On his part, president of the Association of Small Business Owners in Nigeria (ASBON), Femi Egbesola, regretted that the government has never come up with policies that will help, revive and sustain small businesses in the country, rather it seemed to be working hard to hasten up their demise. Pointing out that millions of businesses have shut down with millions of jobs lost in the last year, he said rather than looking for a solution towards reviving these businesses, stopping capital flight and ramping up employment, the government seems to enjoy adding more problems to already existing ones.

“Our challenges are nothing new, we have been crying out for some time now, warning that our numbers are depleting daily because of the many macroeconomic challenges we are facing. But instead of helping us to solve these problems, those in authority are only seeking to multiply them. No business owner does not wish to sell his/her goods quickly because we know in trading, turnover is more important than exorbitant profits. Most of us are already selling with little to no profit, where is the room for price gouging when most Nigerians cannot even afford to buy in the first place? I am worried the government does not understand basic economics and how a free market works,” he said.

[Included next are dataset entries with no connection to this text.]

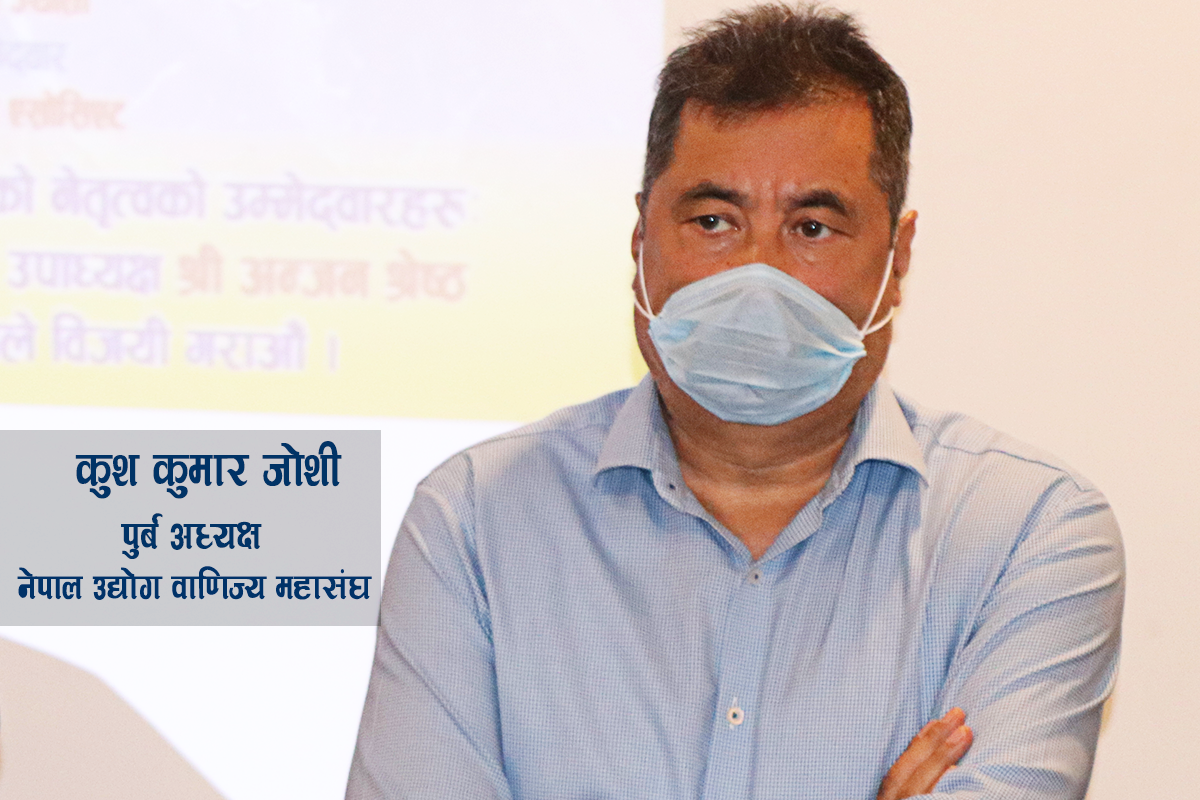 ‘हामी करदाता हौँ, रोजगारदाता हौँ, चैत्र ११ गतेदेखि मूलुक लकडाउन भयो, सबै उद्योग धन्दा, व्यापार व्यवसाय बन्द गर्न सरकारले उर्दी गर्यो, हामीले बन्द पनि गर्यौं’ पूर्व अध्यक्ष जोशीले भने, ‘तर उद्योग व्यवसाय बन्द रहँदा पनि आफ्ना कामदारलाई आफैँ पैसा देउ भनेर सरकारले भन्यो, हामी यो सुनेर मात्रै बस्यौँ, बोल्न सकेनौँ । किनभने हामी अहिले कमजोर बनिसकेका छौं ।’
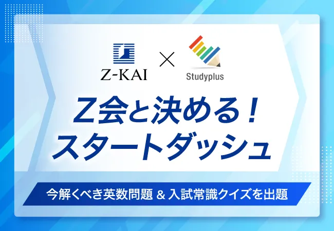 このコラボイベントは、2025年の2月3日(月)から2月28日(金)までの約一か月間、学習管理アプリ「Studyplus」内で行われます。イベントの内容は、Z会が厳選した「英数問題」と「入試常識クイズ」。新高校1年生から3年生を対象に、今の時期に確認しておきたい問題が出題されます。
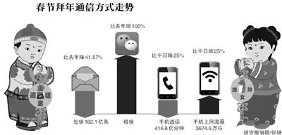 工信部昨天公布的数据显示,今年春节假期我国手机用户上网流量平均达46.6M,比平日流量高25.3%。而短信业务则出现明显下滑,除夕当日发送量同比下降8.0%。
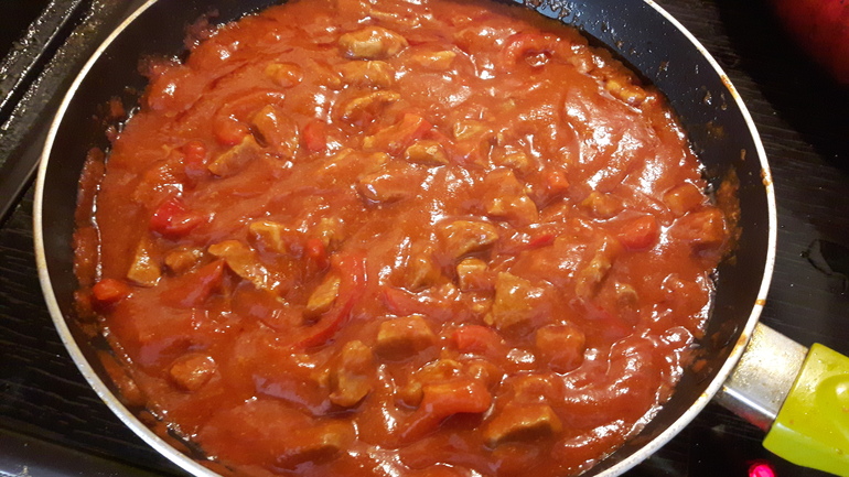 Мясо порезать на маленькие кубики, обжарить минут 5 на большом огне, потом тушить с закрытой крышкой на медленном огне, порезать перец болгарский тонкими полосками ( кому нравится можно кубиками) и добавить к мясу, тушим пока мясо не станет очень мягким и перец тоже, добавляем специи: соль, перец, чеснок сухой (или свежий) и достаточно много тмина. Когда перец стал мягким то добавляем томатную пасту и ещё минут 10 готовим)
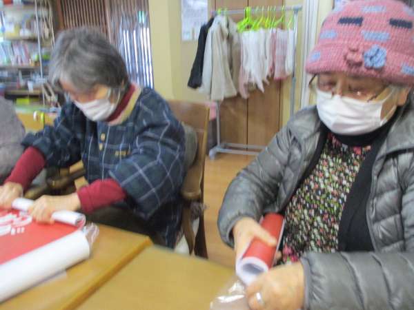 丸めて袋に入れるのをお手伝いしていただきました
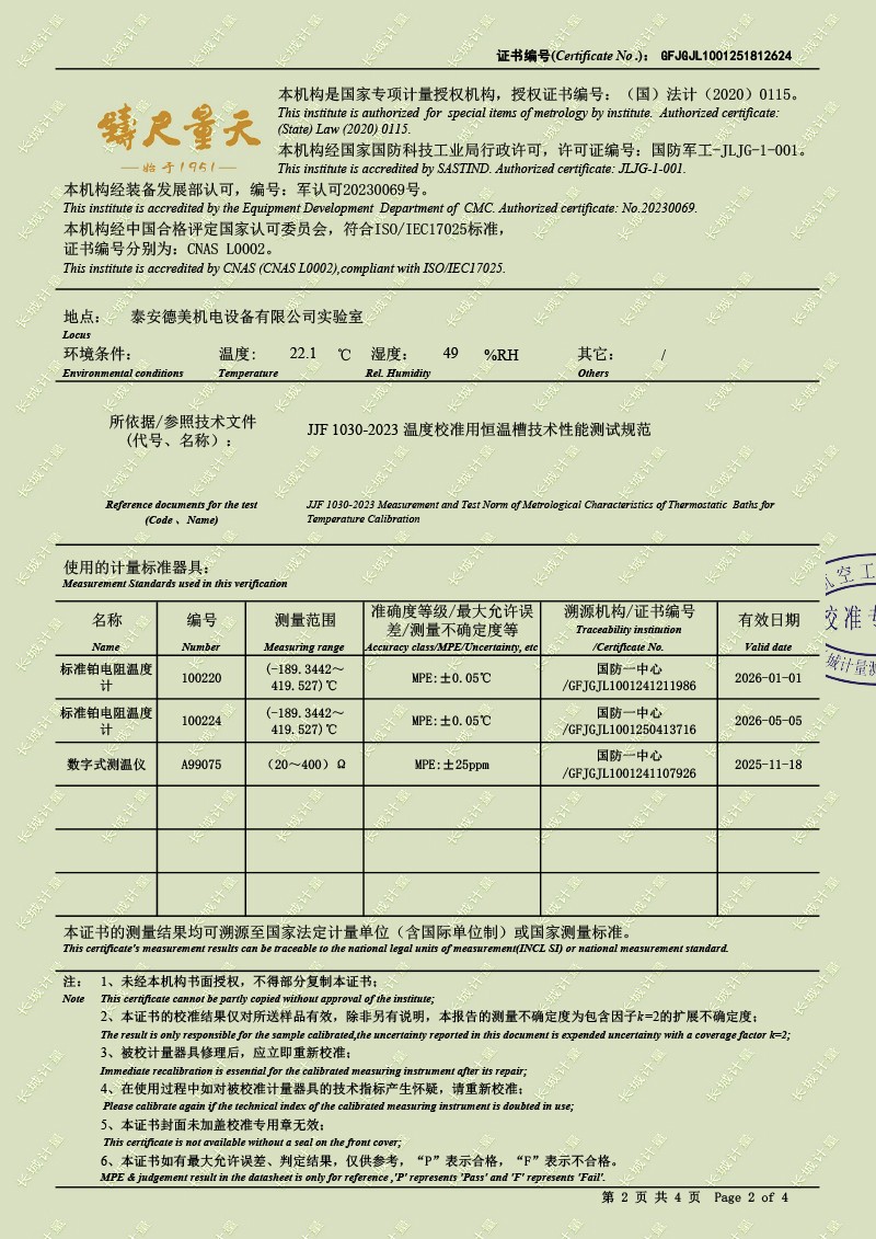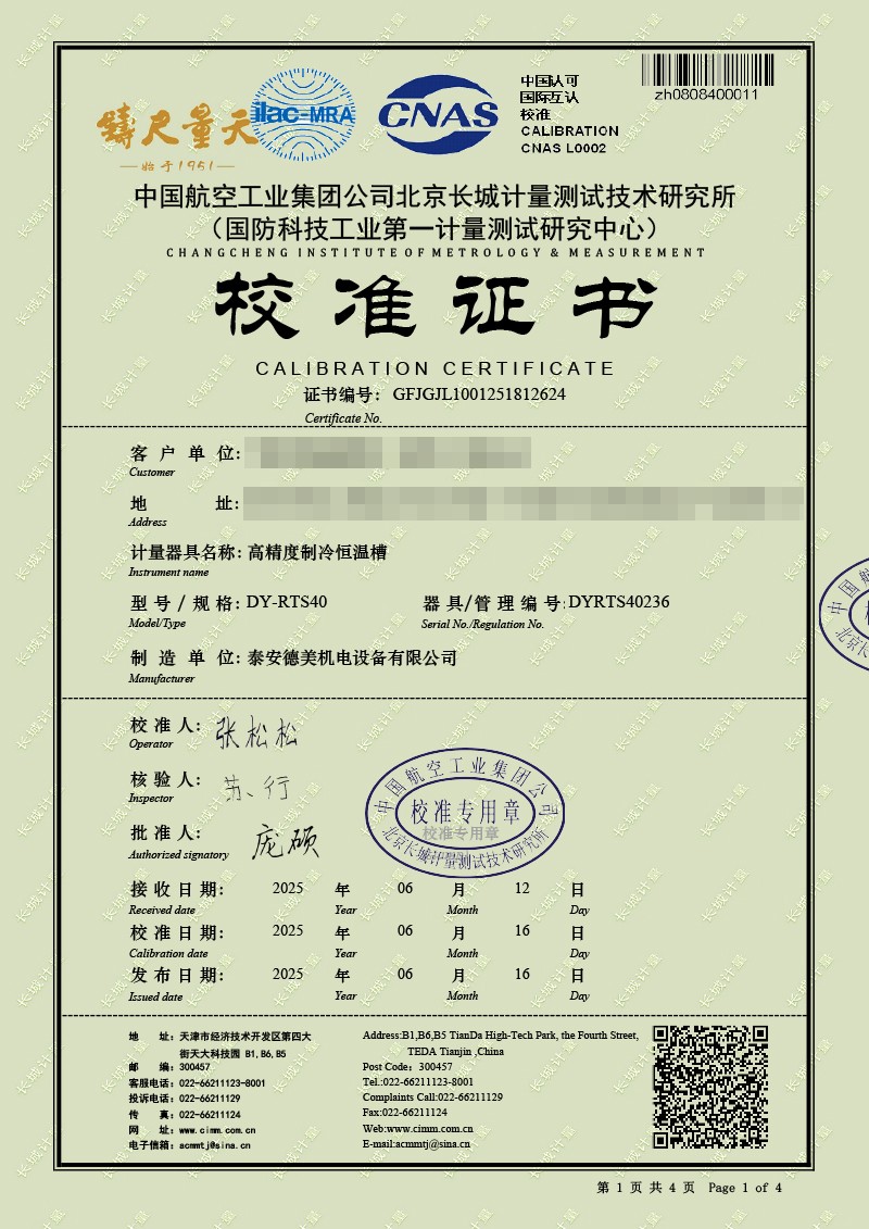 高精度制冷恒溫(-40-100℃)校準證書 2025-6-25 本文被閱讀 3139 次

Urging the government to address the challenges of FX and exorbitant customs duty charged on imported materials and goods which he said are the root causes of the inflation, he said if those are tackled, they wouldn’t even need to see any directive as the cost of goods will crash overnight. “You cannot tell a trader that bought something at N100, cleared it with N500, brought it down to his shop and so on, to sell at N500, it is not possible. These days, the cost of clearing is often equal or more than the cost of the goods itself, that should be looked into, if the government is serious about bringing down the cost of goods,” he said.

Warning that most businesses are already on the edge, he said further punitive and draconian directives would only cause more businesses to go under and urged the FCCPC and government to rethink.